> _What to do_
Reproduce word for word, from the entries below, the line with "Graphic Dresses >", the line with "Se sei alla", and every line between them, and nothing more.

> _Information supplied_
=-=-=-=-=
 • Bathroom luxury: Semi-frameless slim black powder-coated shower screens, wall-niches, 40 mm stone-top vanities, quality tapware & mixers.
=-=-=-=-=
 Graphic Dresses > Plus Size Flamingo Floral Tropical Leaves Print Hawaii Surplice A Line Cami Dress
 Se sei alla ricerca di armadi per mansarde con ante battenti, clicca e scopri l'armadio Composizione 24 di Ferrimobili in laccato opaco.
=-=-=-=-=
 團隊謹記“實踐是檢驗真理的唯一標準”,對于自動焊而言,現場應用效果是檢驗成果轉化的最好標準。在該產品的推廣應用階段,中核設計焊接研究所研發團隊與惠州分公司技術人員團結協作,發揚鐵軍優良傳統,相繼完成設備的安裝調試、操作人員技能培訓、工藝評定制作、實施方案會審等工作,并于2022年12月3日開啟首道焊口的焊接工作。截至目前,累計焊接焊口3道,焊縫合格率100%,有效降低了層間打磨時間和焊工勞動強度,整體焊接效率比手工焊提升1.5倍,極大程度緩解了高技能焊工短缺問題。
=-=-=-=-=
> _Result of the exercise_
 Graphic Dresses > Plus Size Flamingo Floral Tropical Leaves Print Hawaii Surplice A Line Cami Dress
 Se sei alla ricerca di armadi per mansarde con ante battenti, clicca e scopri l'armadio Composizione 24 di Ferrimobili in laccato opaco.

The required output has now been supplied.